Research Strategy · 2026
AI-Connected UX Research Repository
My role: Product Designer & Research Ops
Tools
NotionClaude (Anthropic API)CursorMixpanelDovetail
Teams
UX ResearchProduct DesignData Analytics
Bottom line
My role: Product Designer & Research Ops. I designed the repository model, the data architecture in Notion, and the AI coding logic end to end.
The problem: UX research kept scattering across tools and studies, with every researcher inventing their own tags, so insights never connected and the repository went stale the moment the next interview landed.
- AI codes every transcript against one shared taxonomy, so new insights connect to prior ones automatically instead of fragmenting.
- The executive summary regenerates on every change, always current.
- Anyone can ask the repository a plain-language question and get an answer grounded in the actual research, with sources cited.
Challenge
Job to be done: a researcher or stakeholder needs to know what's already known about a topic before running new research or making a call, so insights build on each other instead of every study starting from zero.
Qualitative coding is subjective and drifts over time: without a shared taxonomy, every researcher (and every AI pass) labels the same insight differently and the repository fragments.
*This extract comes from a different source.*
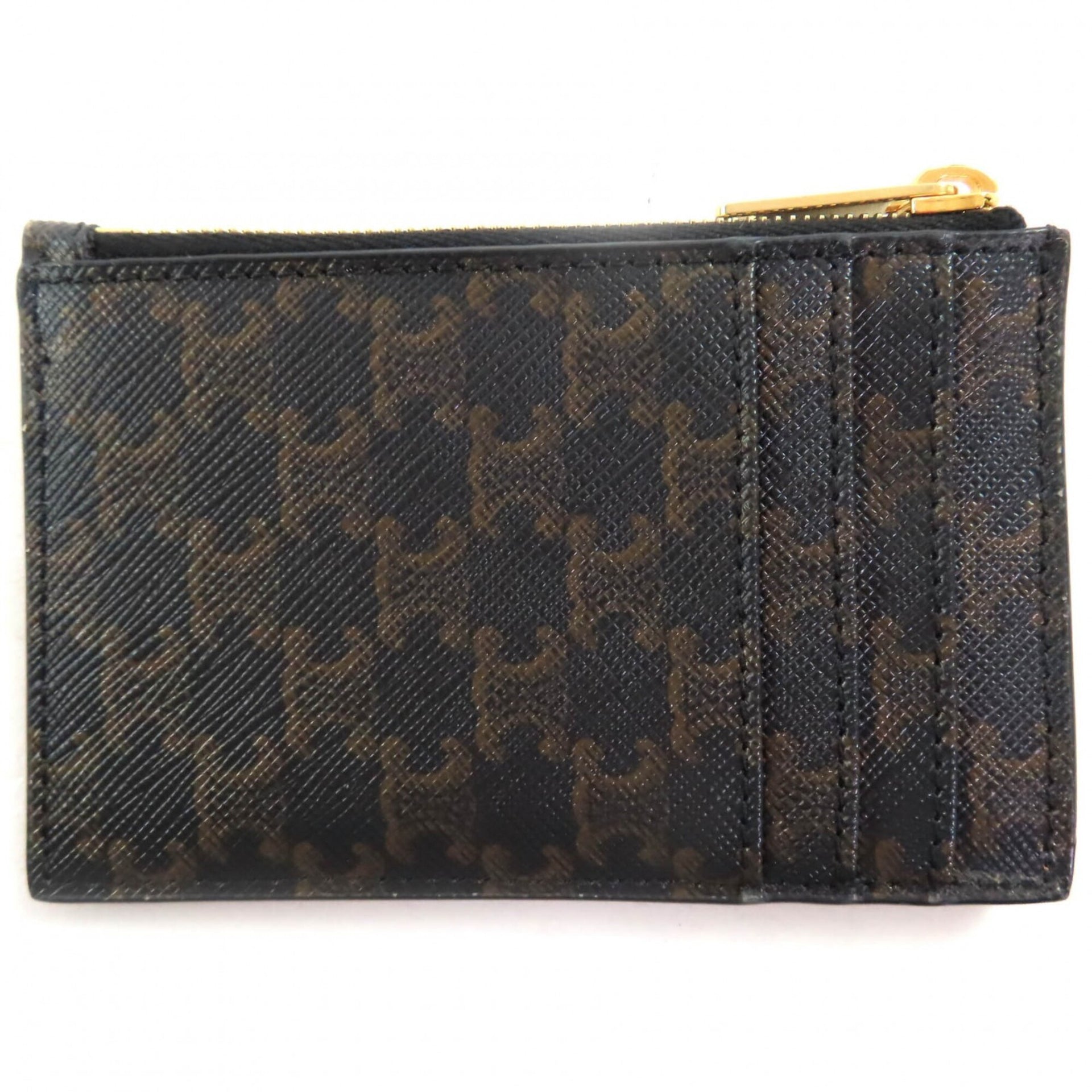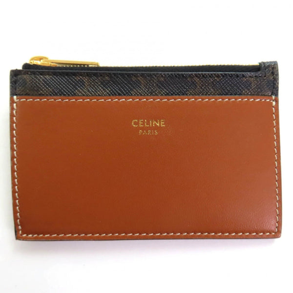 CELINE Triomphe Canvas Fragment Case, Pass Leather, Business Card Holder/Card Brown, Comes with Box and Dust Bag, Made in Italy, Women\'s

Keeping databases in sync by hand is unsustainable; re-coding interviews and reconciling analytics is exactly the work that gets skipped first.
Approach
Anchored everything to one taxonomy (Themes, Sub-themes, Meta-themes) so every insight codes against the same spine.
The AI analysis pass reuses existing themes by default, proposing a new one only when content genuinely doesn't fit anything already there.
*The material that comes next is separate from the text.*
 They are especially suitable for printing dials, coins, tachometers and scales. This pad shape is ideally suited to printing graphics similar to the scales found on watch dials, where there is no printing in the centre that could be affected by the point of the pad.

Kept the AI honest by design: no invented quotes, no confusing speakers, no implying more certainty than the transcript supports.
Built a living executive summary that auto-rolls-up meta-themes and re-versions on every change, plus an 'ask the repository' layer that cites its sources.
Impact
New insights connect to prior ones instead of starting a new vocabulary.
Insights from different studies converge on the same meta-themes, so cross-study patterns surface instead of being lost to inconsistent tagging.
Researchers and stakeholders can interrogate the whole repository in plain language without learning its structure first.
What I'd do differently
Retrospective
- I haven't measured whether this actually cuts time-to-insight for anyone but me, no baseline, no before/after. That's the next thing to prove before calling it a validated system rather than a working one.
- The taxonomy is only as good as how well the AI resists inventing a new theme when an existing one is close enough. I've watched for that failure mode, but haven't stress-tested it against a large, adversarial batch of transcripts.